### PROBLEM STATEMENT
Would you please copy the entries exactly, leaving every picture aside?

### DATASET EXCERPTS

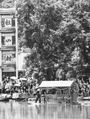 廣西桂林恭城瑤族自治縣“五一”期間在平安鄉(xiāng)社山村、蓮花鎮(zhèn)紅巖村等旅游景點(diǎn),舉行了瑤家小鍋米酒坊、原生態(tài)腐竹制作體驗(yàn)、瑤族水上婚嫁表演等活動(dòng),豐富了群眾的文化生活。圖為獨(dú)特的瑤族水上婚嫁表演,吸引了許多游客駐足觀賞。
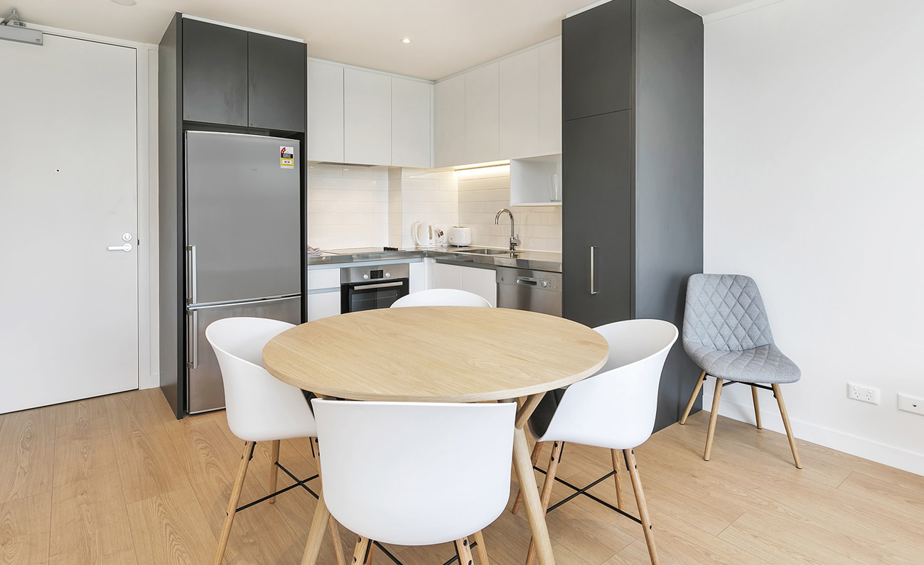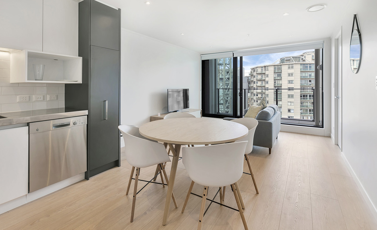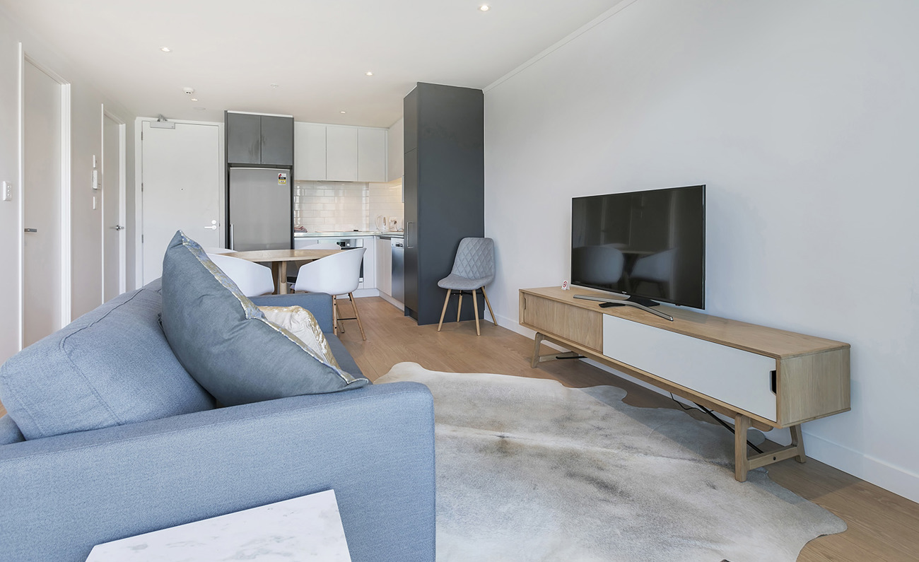 The Centro at Sugartree apartment offers a generous floor plan with a well-designed layout. The open-plan kitchen, dining, and lounge area flows seamlessly onto a private deck, creating a bright and inviting living space.
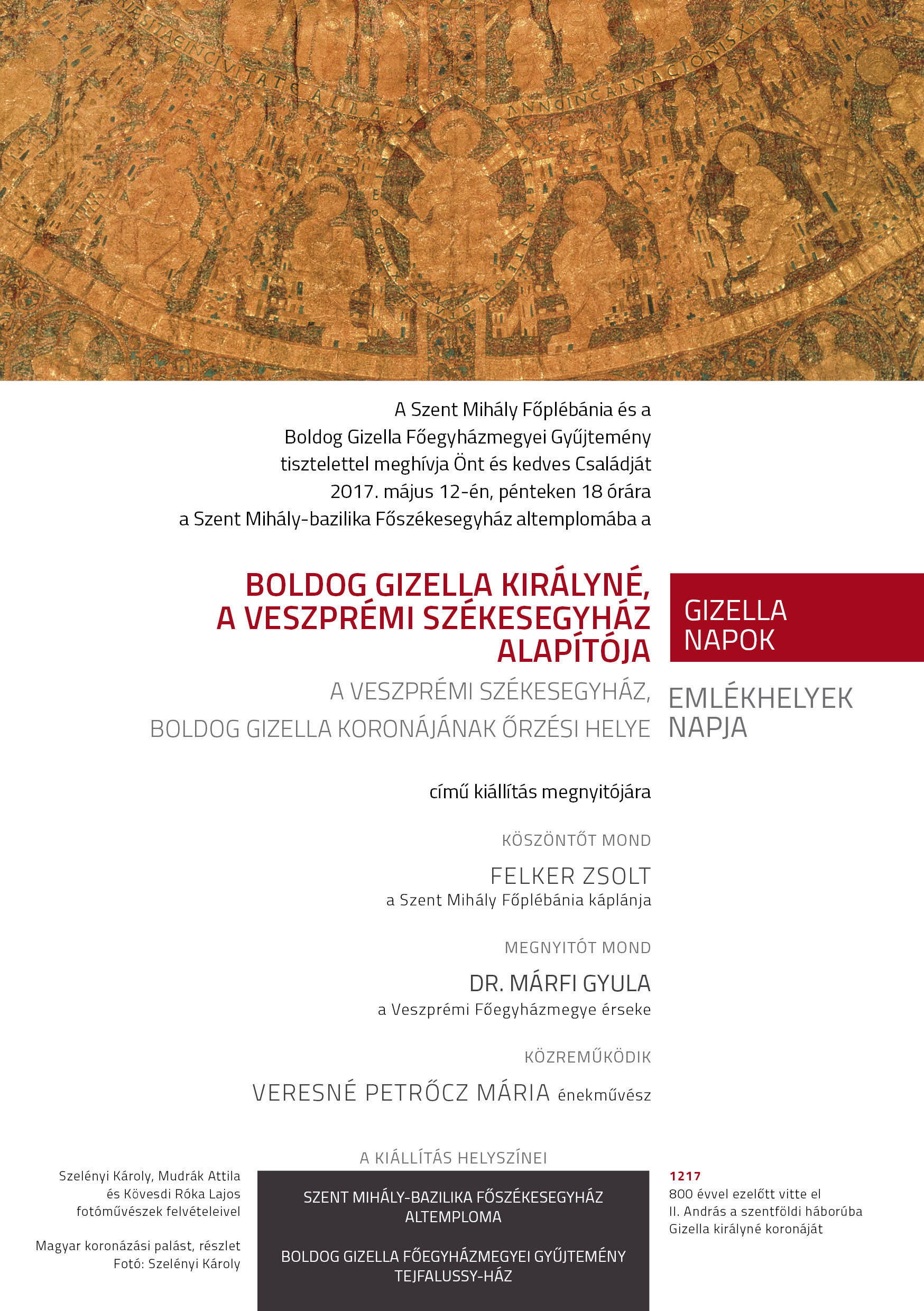 Program: Boldog Gizella királyné, a veszprémi székesegyház alapítója, a veszprémi székesegyház Boldog Gizella koronájának őrzési helye című kiállítás megnyitójára
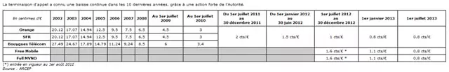 • une première baisse à un niveau de 1,6 c€/minute, à partir du 1er juillet 2012 pour six mois
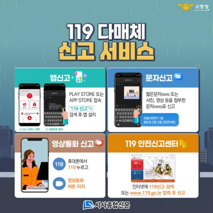 '119 ´Ù¸Åü ½Å°í ¼ºñ½º'¶õ ±âÁ¸ À½¼ºÅëȸ¦ ÀÌ¿ëÇÑ ½Å°í ¿Ü¿¡µµ ¿µ»óÅëÈ ¹× ¹®ÀÚ, ¾ÖÇø®ÄÉÀ̼Ç(¾Û, App) µî ´Ù¾çÇÑ ¹æ¹ýÀ¸·Î À§±ÞÇÑ »óȲÀ» ½Å°íÇÏ´Â ´ë±¹¹Î ¼ºñ½º´Ù.

### ANSWER TO THIS TASK
 廣西桂林恭城瑤族自治縣“五一”期間在平安鄉(xiāng)社山村、蓮花鎮(zhèn)紅巖村等旅游景點(diǎn),舉行了瑤家小鍋米酒坊、原生態(tài)腐竹制作體驗(yàn)、瑤族水上婚嫁表演等活動(dòng),豐富了群眾的文化生活。圖為獨(dú)特的瑤族水上婚嫁表演,吸引了許多游客駐足觀賞。
 The Centro at Sugartree apartment offers a generous floor plan with a well-designed layout. The open-plan kitchen, dining, and lounge area flows seamlessly onto a private deck, creating a bright and inviting living space.
 Program: Boldog Gizella királyné, a veszprémi székesegyház alapítója, a veszprémi székesegyház Boldog Gizella koronájának őrzési helye című kiállítás megnyitójára
 • une première baisse à un niveau de 1,6 c€/minute, à partir du 1er juillet 2012 pour six mois
 '119 ´Ù¸Åü ½Å°í ¼ºñ½º'¶õ ±âÁ¸ À½¼ºÅëȸ¦ ÀÌ¿ëÇÑ ½Å°í ¿Ü¿¡µµ ¿µ»óÅëÈ ¹× ¹®ÀÚ, ¾ÖÇø®ÄÉÀ̼Ç(¾Û, App) µî ´Ù¾çÇÑ ¹æ¹ýÀ¸·Î À§±ÞÇÑ »óȲÀ» ½Å°íÇÏ´Â ´ë±¹¹Î ¼ºñ½º´Ù.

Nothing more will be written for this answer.